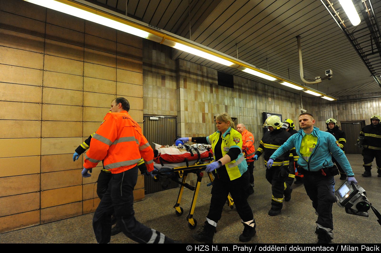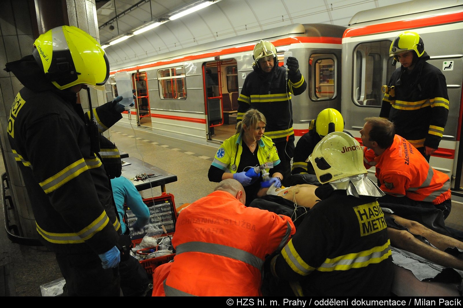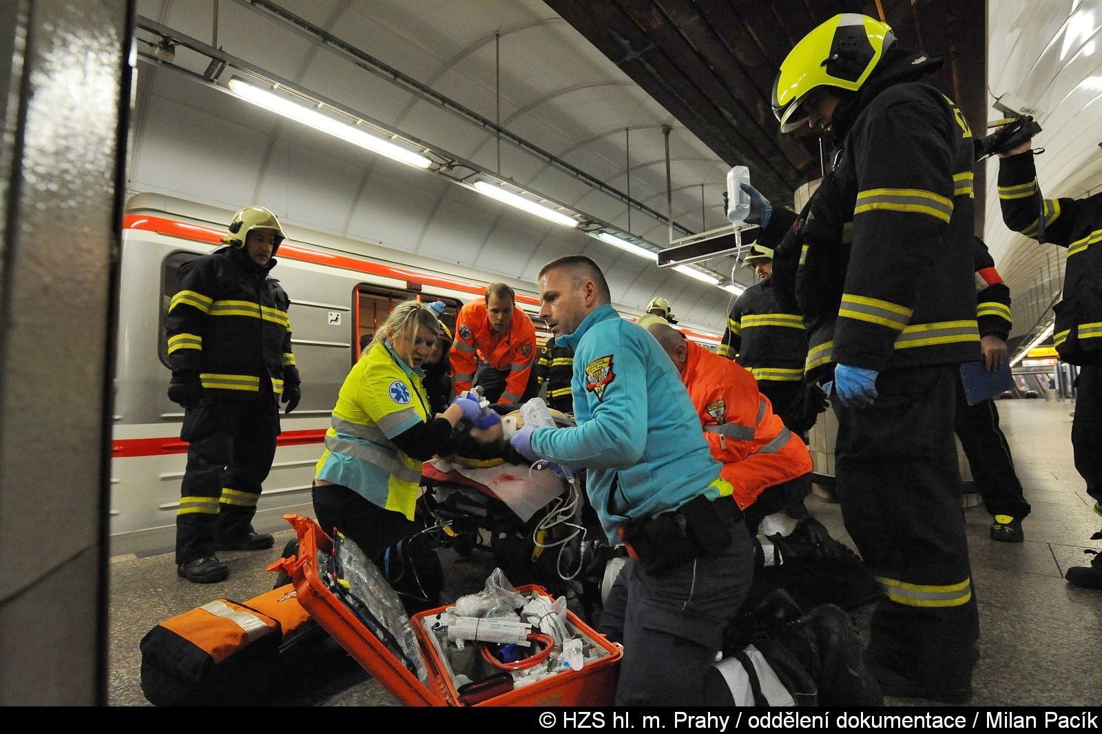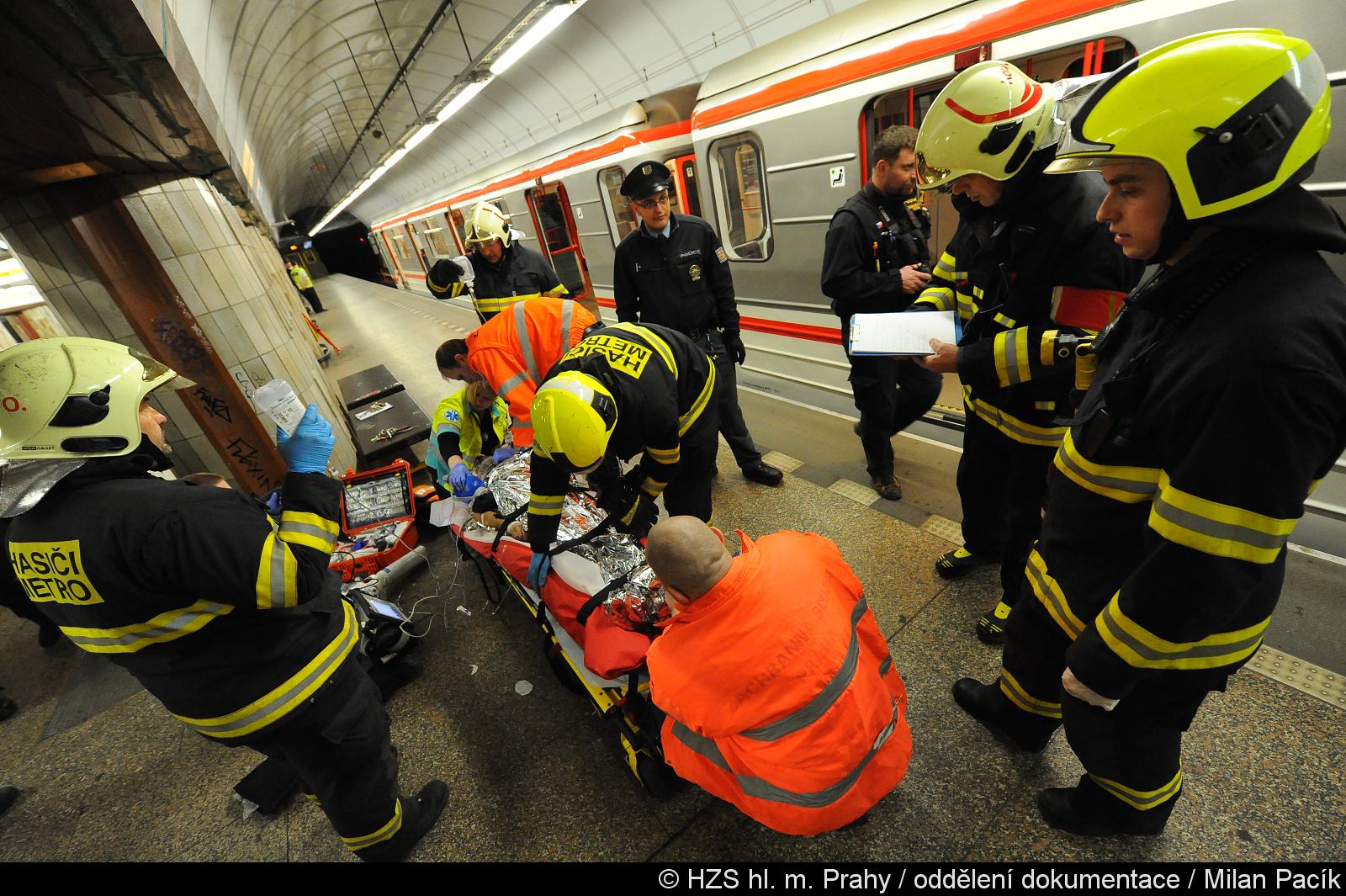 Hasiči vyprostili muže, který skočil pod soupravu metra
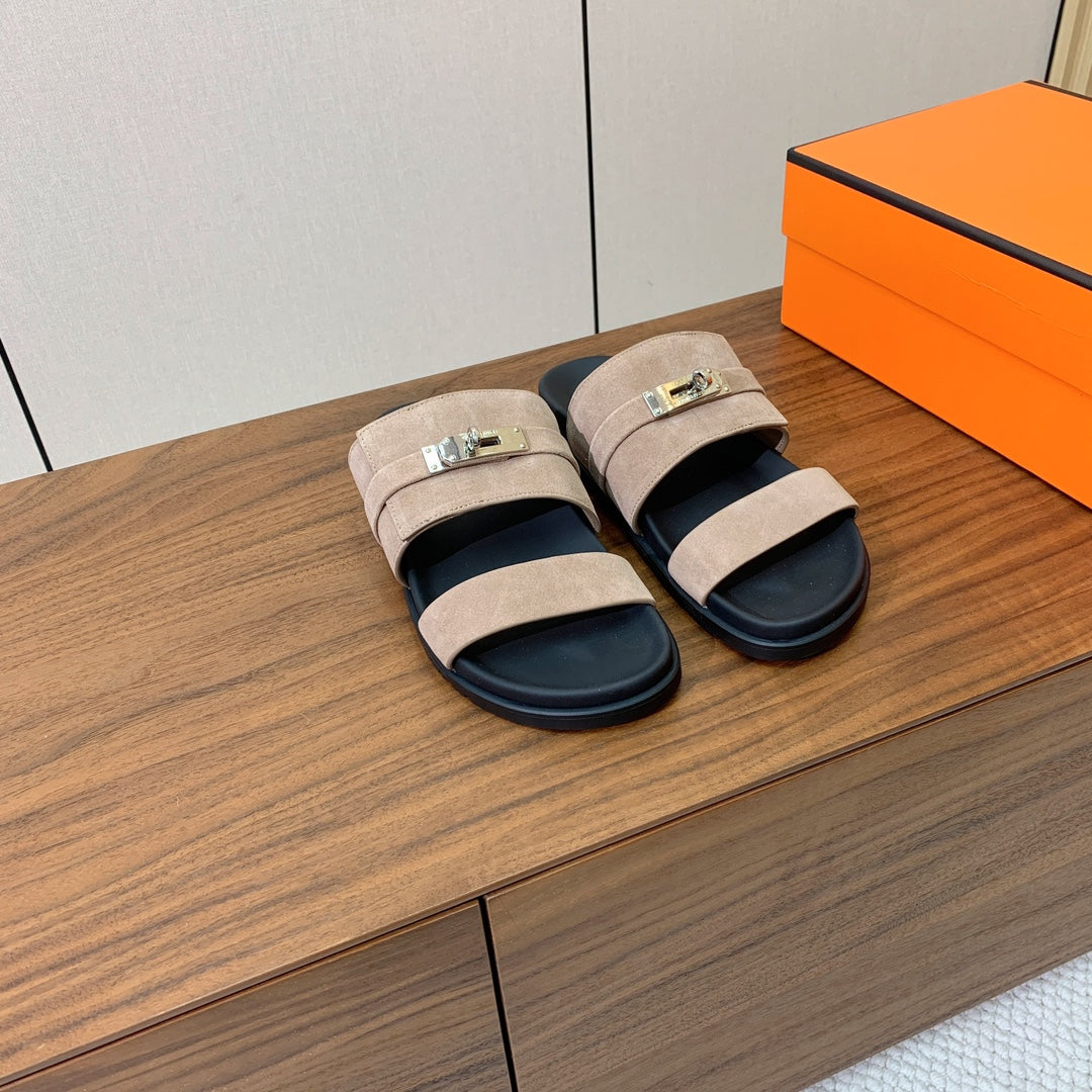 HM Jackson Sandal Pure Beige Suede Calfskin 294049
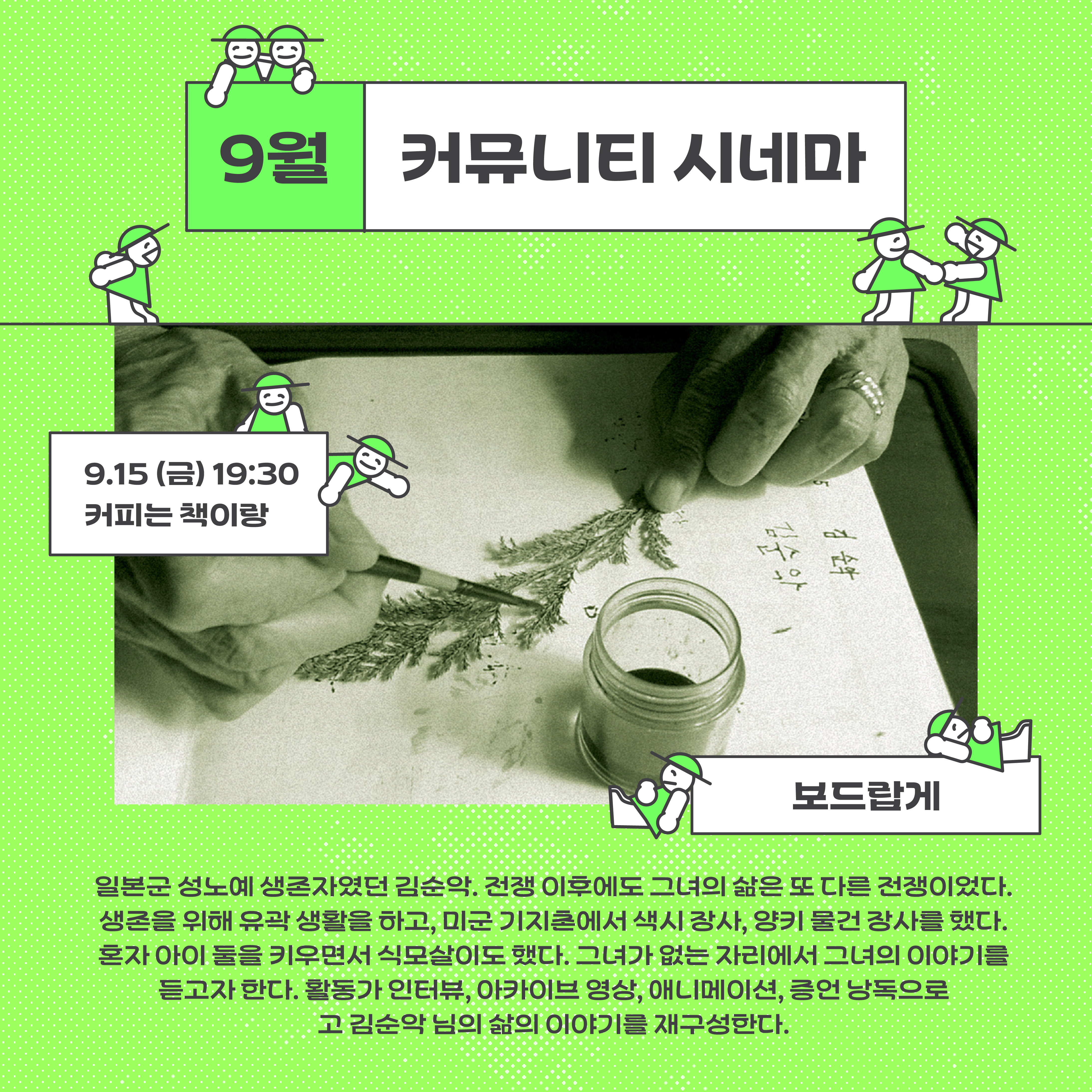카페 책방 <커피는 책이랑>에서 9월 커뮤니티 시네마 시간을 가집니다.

● **Problem details**:
What's needed is every line above, retyped exactly and free of pictures.

● **Answer for the task**:
 Hasiči vyprostili muže, který skočil pod soupravu metra
 HM Jackson Sandal Pure Beige Suede Calfskin 294049
카페 책방 <커피는 책이랑>에서 9월 커뮤니티 시네마 시간을 가집니다.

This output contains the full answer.